Swapping Boot Drives Between Two Custom Built PCs

  1. Posts : 15
    Windows 7 Ultimate

    Swapping Boot Drives Between Two Custom Built PCs

    I have two computers in two different rooms that I built a few years ago. I want to move the main boot drive from one to the other and vice versa. I know this cannot be done by just plugging the drive into the other computer, so was hoping someone could point me in the right direction. I really want to avoid just wiping out and reinstalling everything. I tried searching but it seems the majority of people just want to swap a new hard drive into an existing computer rather than swap in one with already existing information. Any help would be appreciated.
      My Computer

  2. Posts : 5
    X32, V64, S64, E64

    As long as you still have the license information (key) for the computers, and the operating system types match, there's no reason you can't swap the drives between them.

    If the machines are identical then you won't need to do anything special. Just make sure the BIOS settings match and all you'll have to do is reactivate the copy of Windows under the new hardware.

    A warning for others, if you have a true RAID setup then that's a potentially different situation altogether.

    For each system, open Device Manager and select the drive controller.
    Sometimes the drive controller is listed under "IDE" or/and "RAID" or/and "Storage".
    Sometimes you'll need to figure out which controller your boot drive is under; unless you want to preinstall for all of them.
    Access the properties of the drive controllers via Right-click Properites or double-click.
    Click on the Details tab, then select "Service". Mine for example says "iaStor".

    Basically that tells me that iaStor service has to be installed and enabled on the system that the hardware will be receiving.
    To check for it on the receiving system, navigate to "HKLM\System\CurrentControlSet\Services" and in my case, "iaStor". If the service is not present then I'll need to preinstall the controller software prior to moving the drive. If it's already there, then just look at the "Start" DWORD registry entry and make sure it is set to "0".

    Sometimes device services from the old machine are listed under the "HKLM\System\CurrentConrolSet\Control\CriticalDeviceDatabase" key and in some cases, in which cases the system halts under the assumption that it won't run unless that driver/service successfully loaded. In that case removing it from the regkey then allows the system to load.

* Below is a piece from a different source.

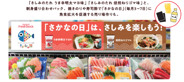 水産庁が制定した「さかなの日」(毎月3~7日)に魚食拡大を促進する売り場作りを提案します。
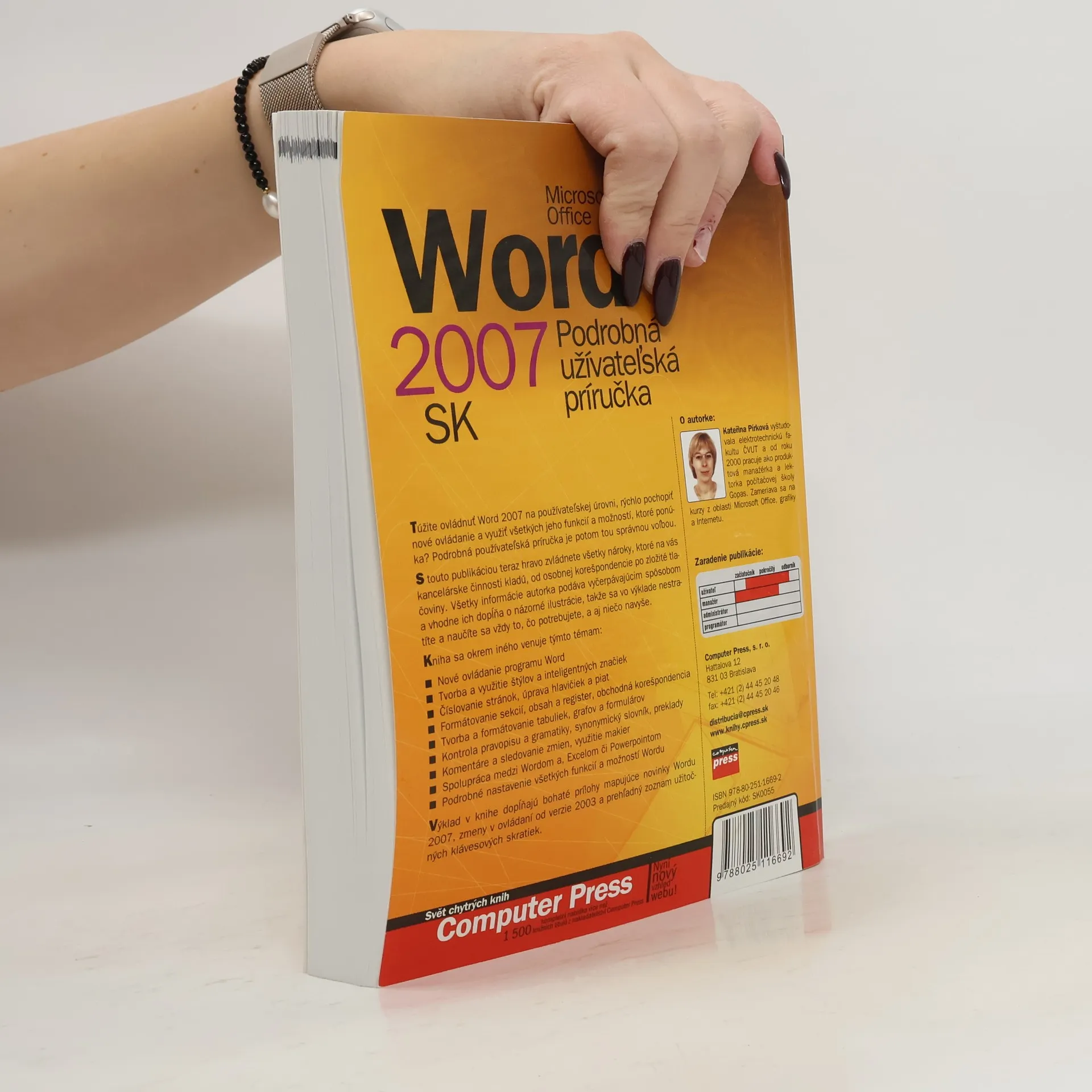 Túžite ovládať Word 2007 na užívateľskej úrovni, rýchlo pochopiť nové ovládanie a využiť všetky jeho funkcie a možnosti, ktoré ponúka? Podrobná užívateľská príručka je potom tou správnou voľbou. S touto publikáciou teraz hravo zvládnete všetky nároky, ktoré na vás kancelárske činnosti kladú, od osobnej korešpondencie po zložité tlačoviny. Všetky informácie autorka podáva vyčerpávajúcim spôsobom a vhodne ich dopĺňa o názorné ilustrácie, takže sa vo výklade nestratíte a naučíte sa vždy to, čo potrebujete, a aj niečo navyše. Kniha sa okrem iného venuje týmto témam: Nové ovládanie programu Word Tvorba a využítie štýlov a inteligentných značiek Číslovanie stránok, úprava hlavičiek a piat Formátovanie sekcií, obsah a register, obchodná korešpondencia Tvorba a formátovanie tabuliek, grafov a formulárov Kontrola pravopisu a gramatiky, synonymický slovník, preklady Komentáre a sledovanie zmien, využitie makier Spolupráca medzi Wordom a Excelom či Powerpointom Výklad v knihe dopĺňajú bohaté prílohy mapujúce novinky Wordu 2007, zmeny v ovládaní od verzie 2003 a prehľadný zoznam užitočných klávesových skratiek.

    If you're just moving the system as opposed to the drive then it potentially gets more complicated as the volume IDs may have to be matched-up in order to avoid Stop 0x7b. There have been cases where I've had to check and enable CPU related services when going from an Intel to AMD machine. There was even a case where the Intel's CPU related service caused instability under the AMD based system.
      My Computer

  3.    #3

    You can try to see if the HD will boot up outright but it may require adaptation to changed hardware by SysPrep to move HD to another computer on the old hardware, or booting Paragon Adaptive Restore CD on the new hardware to P2P Adjust Win7 to the new hardware.

    Have your Win7 bootable installer or System Repair Disk ready in case it needs Startup Repair, after if necessary confirming the System Reserved or C partition is still Partition Marked Active.

    Either way it will when it starts change out most drivers in a cascade you can monitor by clicking the Driver-loading animated icon in System Tray, until all are finished and final Restart request.

    Then enable Automatically deliver drivers via Windows Update (Step 3) and run all rounds of Important and Optional Windows Updates which may apply new drivers and patches Win7 wants.

    Finally check Device Manager for any missing drivers, import from the Support Downloads webpage for your model PC or device.